Let us assume that the amplitude is equal to 1. When determining the total voltage from expression (1), the initial experimentally obtained frequency dependences of the modulus of the transmission coefficient are taken as (Fig. 6), reflection coefficient module (return loss) (Fig. 7), reflection coefficient phases (Fig. 8), reflection coefficient phases (Fig. 9).
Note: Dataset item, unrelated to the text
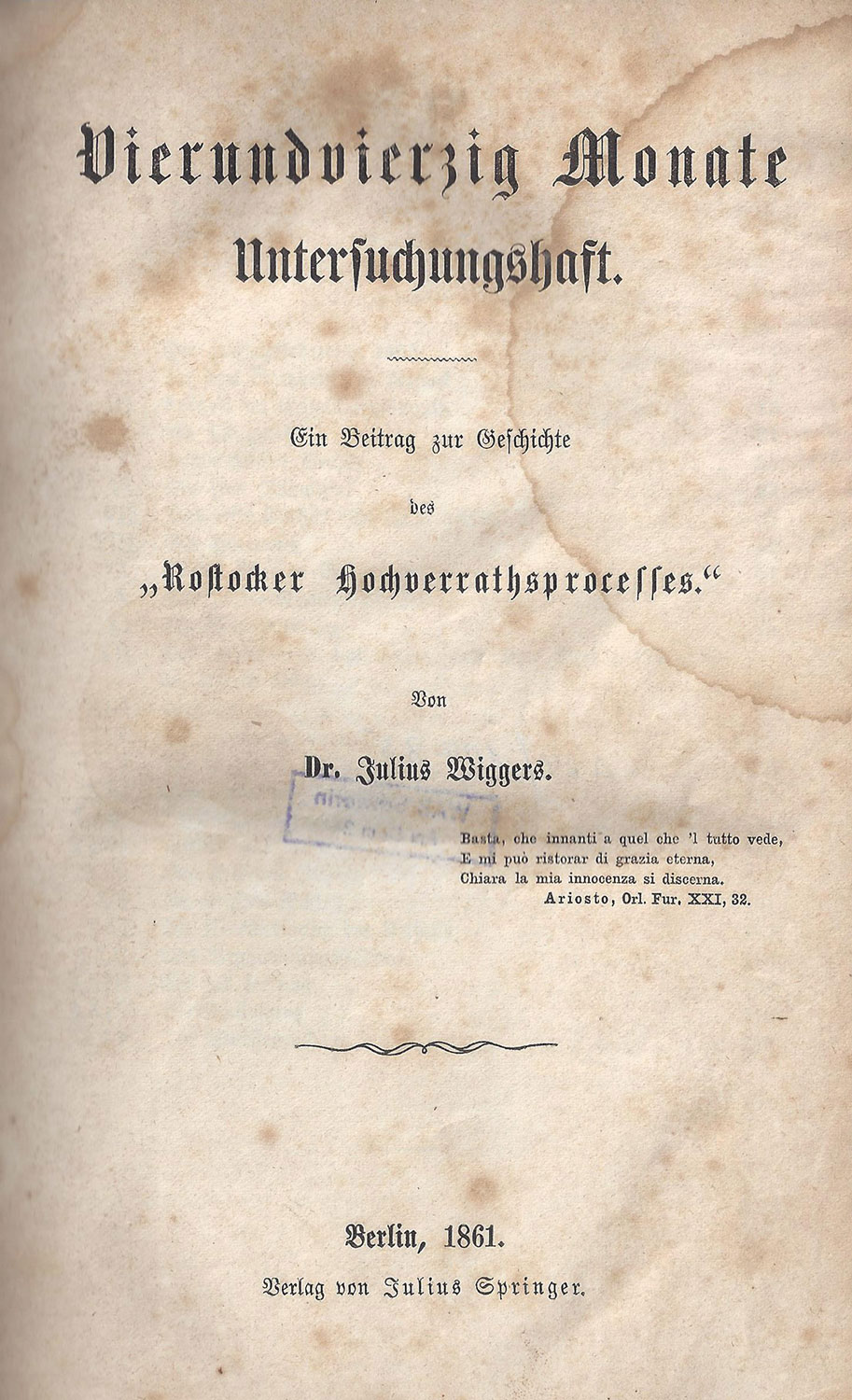 Im Juli 1852 werden die Professoren Christian Wilbrandt, Julius Wiggers und Karl Türk aus der Universität Rostock entlassen und im Mai 1853 mit neun anderen Demokraten in das Kriminalgefängnis Bützow eingeliefert, um sie in einem „Hochverratsprozess“ zu verurteilen. Sie erhalten unterschiedliche Zuchthausstrafen bis zu vier Jahren. Erst 1860 bekommen sie ihre bürgerlichen Rechte zurück. Revolutionäre Gutsbesitzer erhalten keine Strafen.
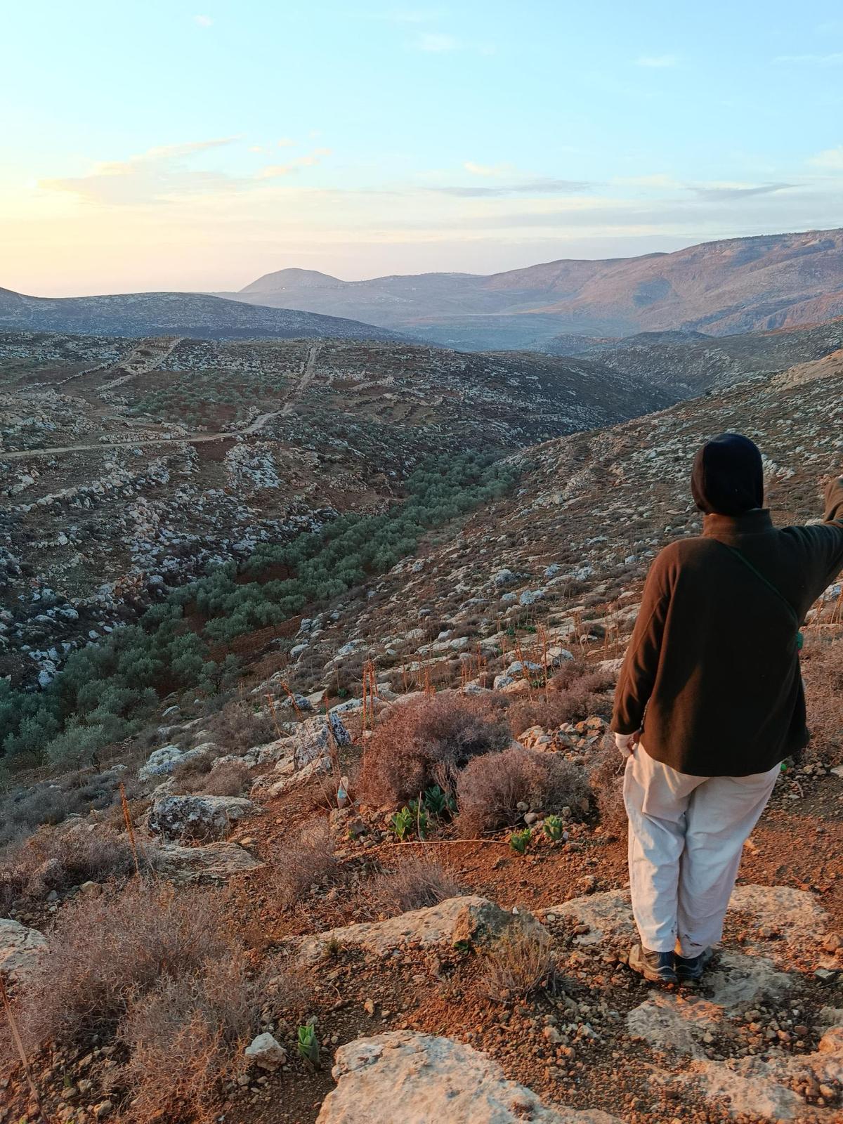 We keep climbing in the direction of the refuge. The sun is rising and it's a beautiful dawn. We can see the lights of Amman in the distance, and we all try to let this sight sink in as much as we can, convinced this will be our last time watching Palestine - surely the Zionists will deny our right of entering again.

Moving on to the complex recording form And we get And .

Frequency dependence shown in Fig. 10. From a comparison of Figs. 6 and fig. 10 we see that the addition of the wave energy reflected from a segment of a coplanar line with a lithium niobate crystal and the wave energy passing through the coplanar line and crystal increases the average level and equalizes the frequency dependence .

Thus, based on the experimental characteristics carried out, the performance of the proposed module for generating a quasi-chaotic microwave signal is shown.

Claims (1)

A module for generating a quasi-chaotic signal of ultra-high frequencies, containing a section of a coplanar strip line, a lithium niobate crystal, a device for separating incident and reflected waves, a device for adding incident waves, a signal generator with linear frequency modulation of oscillations, a clock pulse generator for starting a signal generator with linear frequency modulation, characterized in that a section of a coplanar strip line is made on a dielectric substrate, the lower side of which is metallized, the side screens located on the upper side are connected to the metallization of the lower surface through metallized holes, the current-carrying strip is separated from the side screens by gaps, on the upper side from the side of the current-carrying strip and side screens there is a crystal made of lithium niobate, the transverse dimensions of which, facing the current-carrying strip, cover the gaps between the current-carrying strip and the side screens, and the longitudinal dimensions of the crystal do not exceed the length of the current-carrying strip of the coplanar line; an incident wave of linear frequency is received at the input of the coplanar strip line. modulated oscillations from the first output of the device for separating incident and reflected waves, which is the input of the wave reflected from the lithium niobate crystal, the wave reflected from the lithium niobate crystal enters the second output of the device for separating incident and reflected waves, connected to the first input of the device for adding incident waves, the output is coplanar The strip line is connected to the second input of the incident wave combining device; the output of the module for generating a quasi-chaotic microwave signal is the output of the incident wave combining device.